A new forever war: the Pentagon’s post-Roe abortion stance ignites political, legal fights

It’s a new kind of forever war for the Pentagon as battles play out in the courtroom and at the ballot box, with deeply emotional implications for female troops and ripple effects throughout American society.

Far from providing certainty, the Defense Department’s decision to fund out-of-state travel for female service members to obtain abortions has instead raised high-stakes questions and could create the most personal of political footballs.

Analysts say the looming challenges to the policy will break the legal ground.

The more immediate fights could be in the political arena. Without affirmation from federal courts, the policies adopted by the Pentagon and the Department of Veterans Affairs could easily be reversed by a future Republican president — and the next Democratic-led Defense Department could then undo that reversal.

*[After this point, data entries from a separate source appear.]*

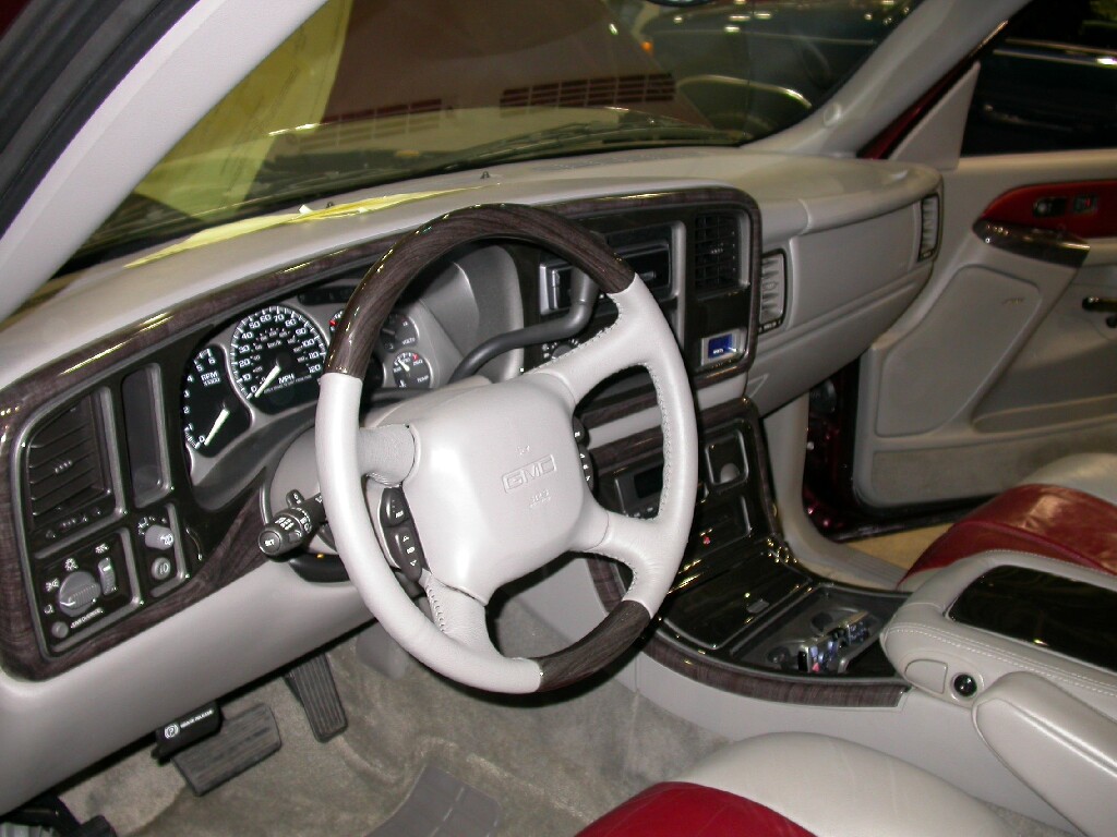 This is Disturbing the Peace Customs' burgundy GMC Denali demo truck. A Pioneer in-dash a/v monitor sends signal to four U.S.Amps USA-400 amplifiers, which send high-level signal to four TREO Engineering CSX15 subwoofers in a painted fiberglass enclosure.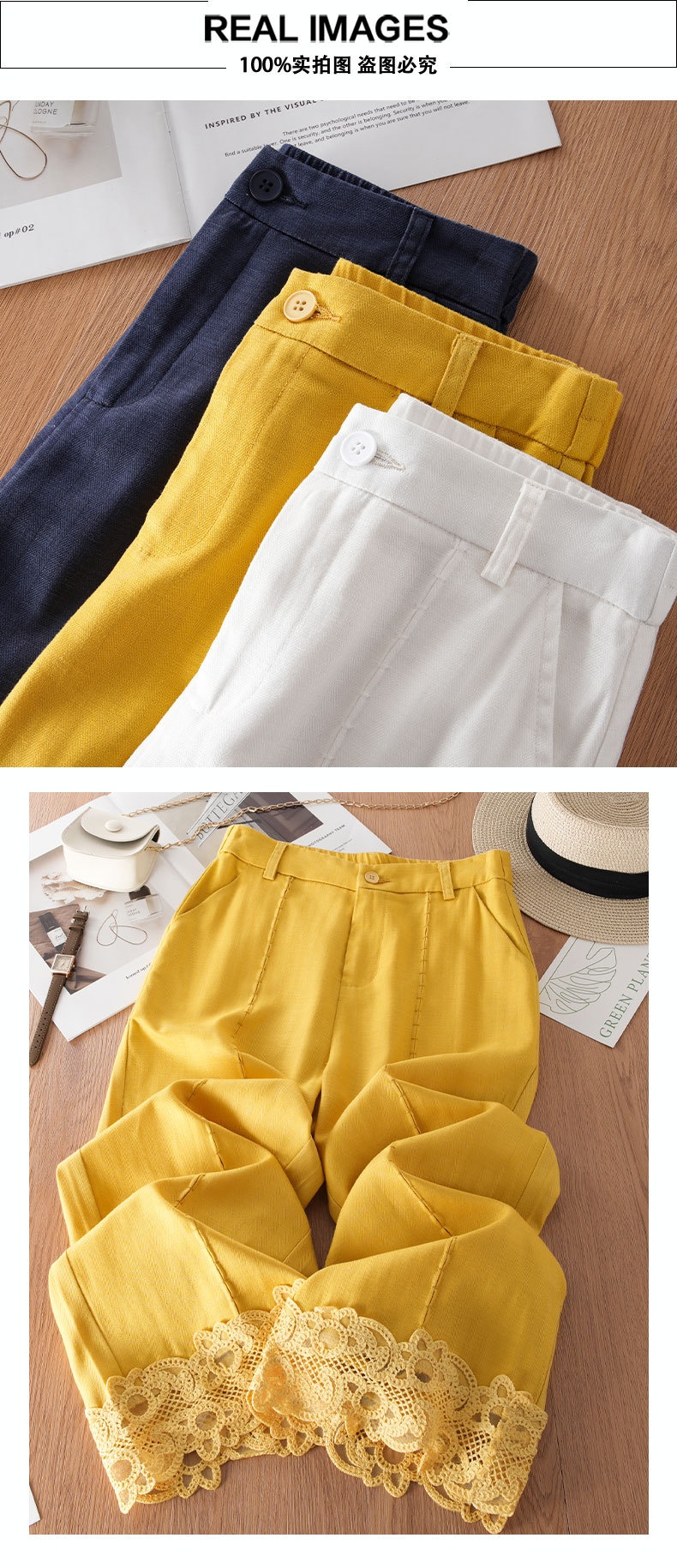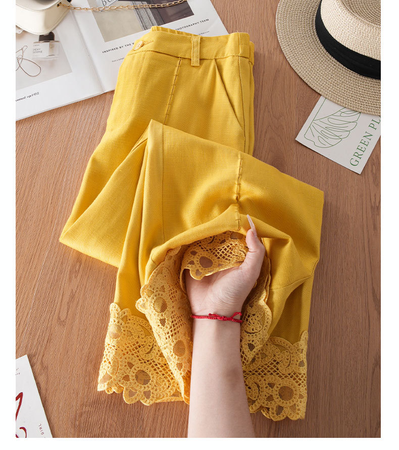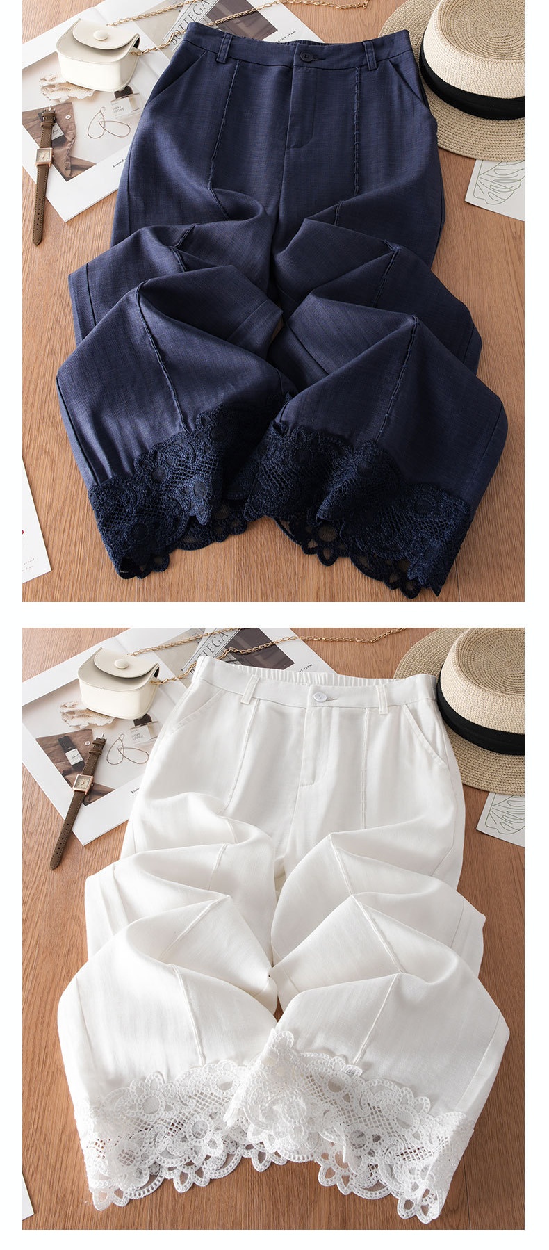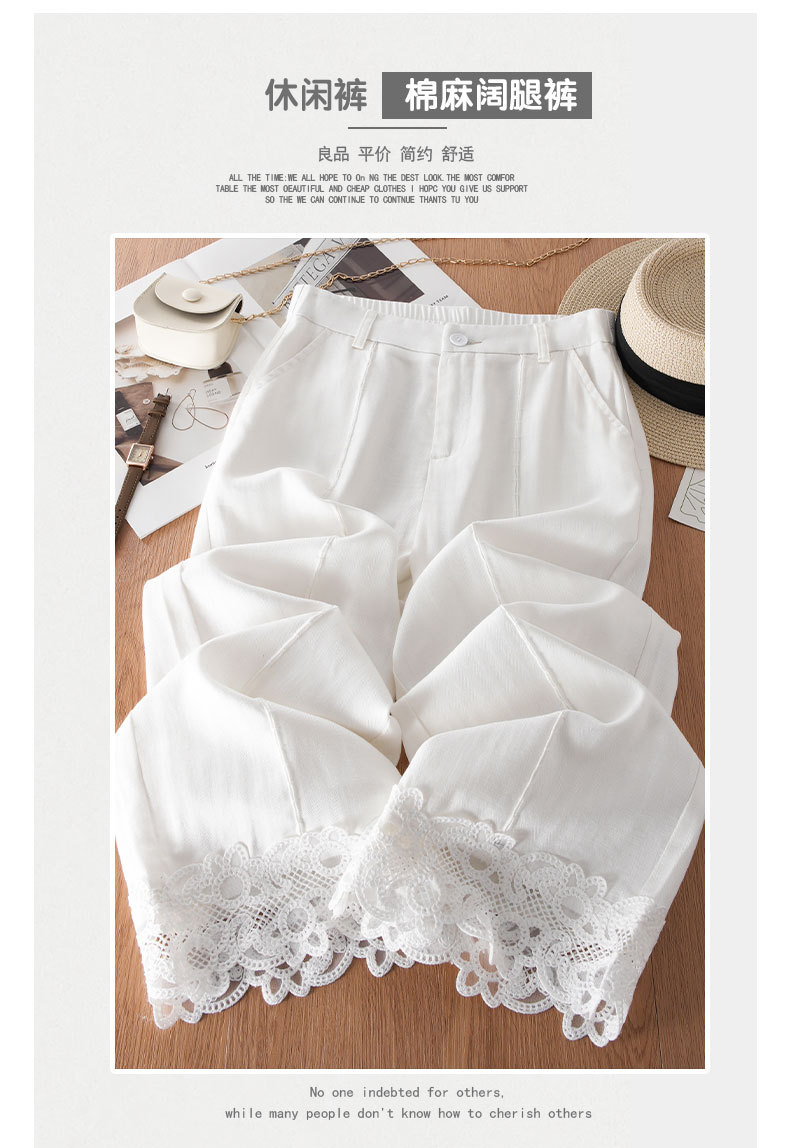 「自」全新升级【铂金会员201/天猫269/差价68】(00642)洛诗琳气质蕾丝拼接休闲阔腿裤2025夏季新款垂感修身直筒裤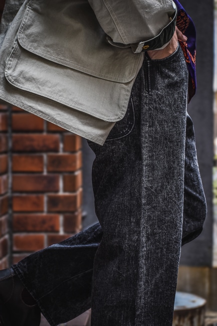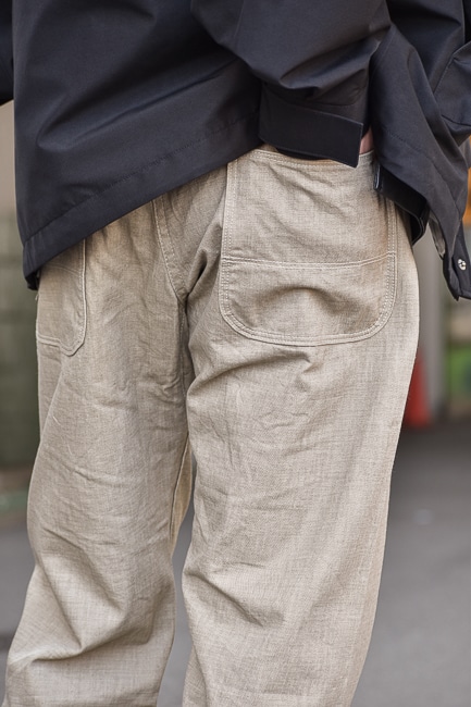 時代の流行に合わせてリニューアルしたブランドの定番ボトムス、ピーターパンツの生地をアレンジした今作は、今シーズンから丈が長くなりマイナーチェンジしております。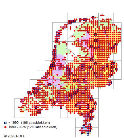 Het aantal atlasblokken (5x5 km) waarin de soort is gemeld binnen een periode van vijf jaar (vanaf 1980) of twintig jaar. Niet gecorrigeerd voor waarnemersinspanning en het aantal doorgegeven waarnemingen kan sterk variëren per periode, dus een trend in verspreiding kan hier niet direct uit worden afgelezen. Het opgegeven jaartal is het eerste jaar van de periode. Bron: gevalideerde waarnemingen uit de NDFF.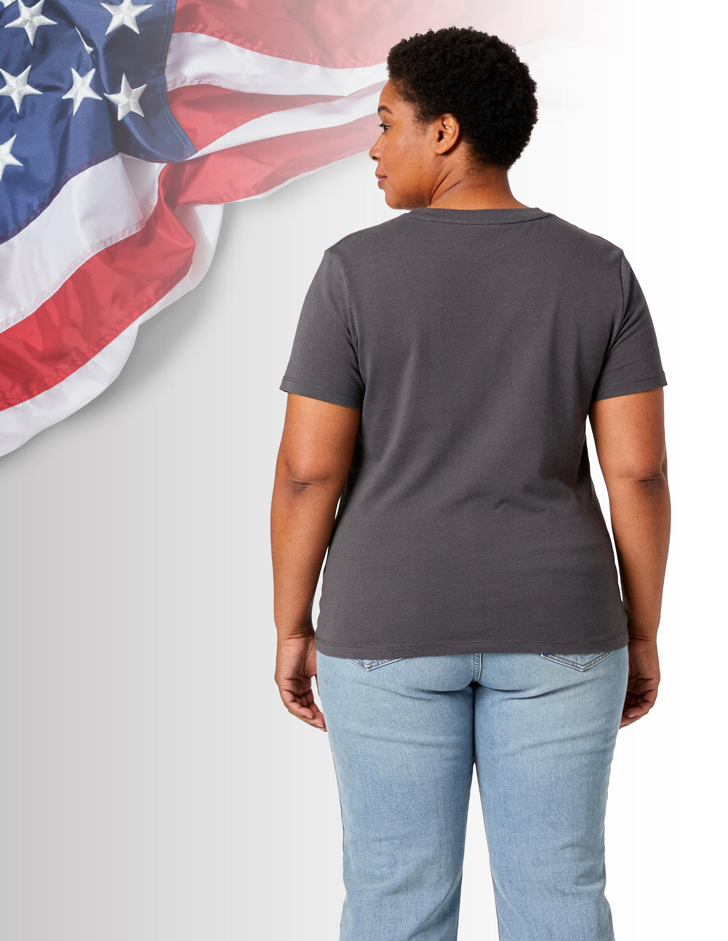 Every Dignity Apparel t-shirt features a tagless union stamp neck label and the Union-Made Dignity Apparel hem tag.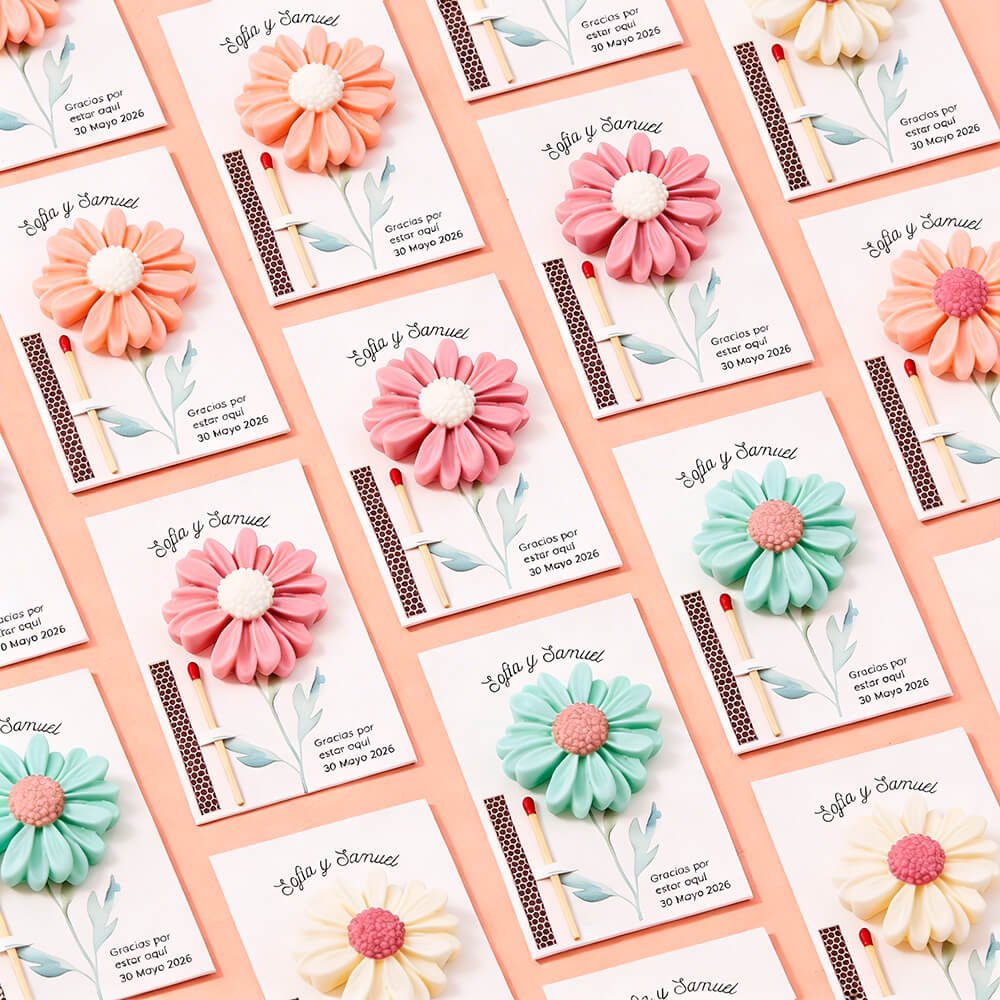 Cartón personalizado margarita para detalles, ideal para presentar velas y pequeños regalos en bodas, comuniones, bautizos y todo tipo de eventos especiales. Este cartón para packaging de detalles cuenta con un delicado diseño floral y está pensado para fijar una velita en la parte frontal, creando un recuerdo artesanal bonito y cuidado. Además, incorpora un orificio para introducir un fósforo, lo que permite completar el detalle de forma práctica y original. Es perfecto para acompañar velas hechas a mano y presentarlas en bolsitas de celofán o packaging decorativo, consiguiendo un acabado profesional y personalizado para tus invitados. La velita y la cerilla no están incluidas.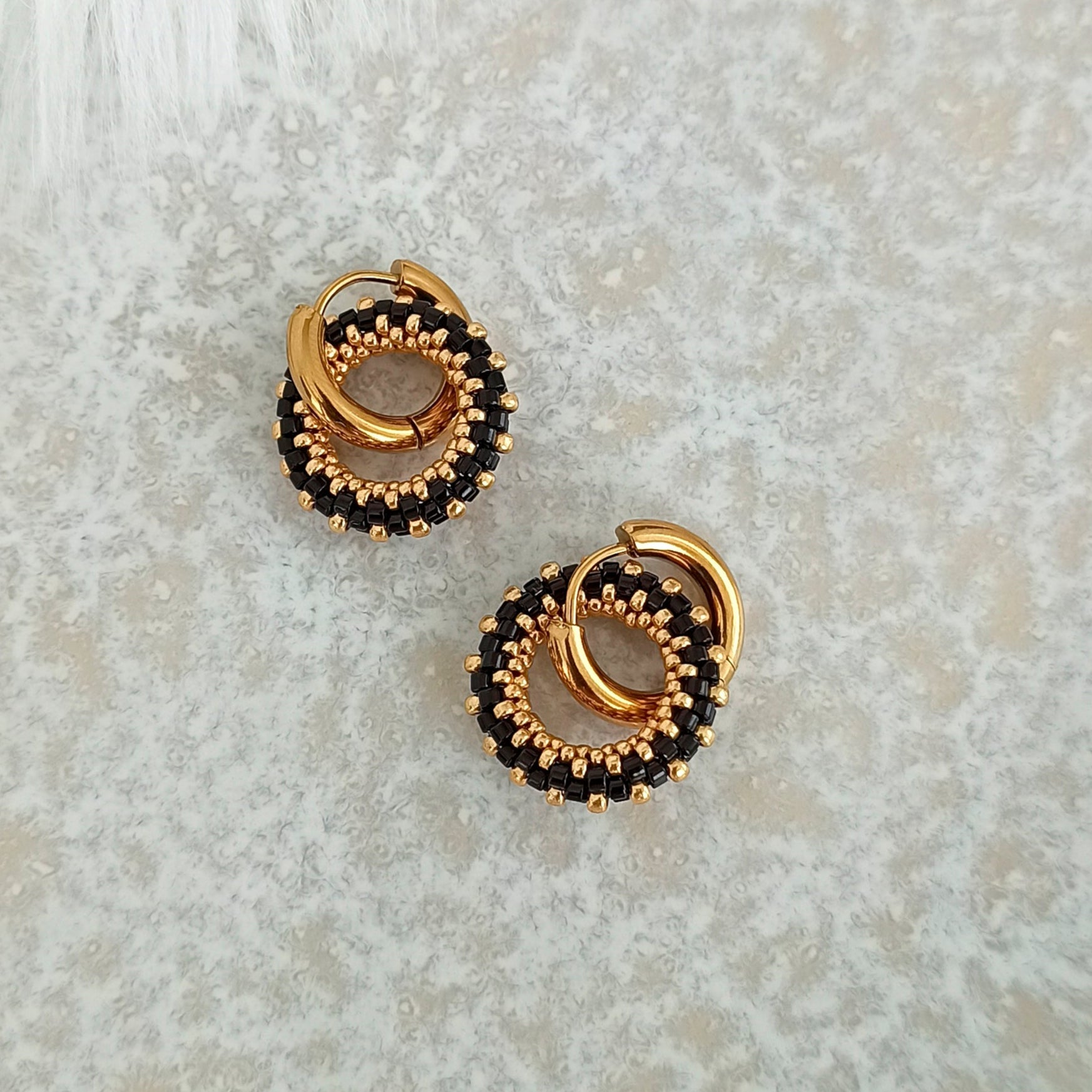 Kulatý náušnice ve černo-zlaté barvé z vysoce kvalitního japonského rokajlu s odolnou povrchovou úpravou.

Such back-and-forth would be reminiscent of the on-again, off-again Mexico City policy, which prohibits nongovernmental organizations from promoting abortions as a condition of receiving any US family planning funding. The Biden administration has accepted that policy. President Trump reinstated it in a series of partisan tit-for-tat moves since its inception under President Reagan.

The Justice Department says the Pentagon is on a solid legal footing to offer time off, travel reimbursement and other aid to female troops who, because of state laws, must seek legal abortions elsewhere. Supporters note that many large US bases are in the South and other conservative parts of the country where state legislatures have rushed to impose or reinstate abortion curbs.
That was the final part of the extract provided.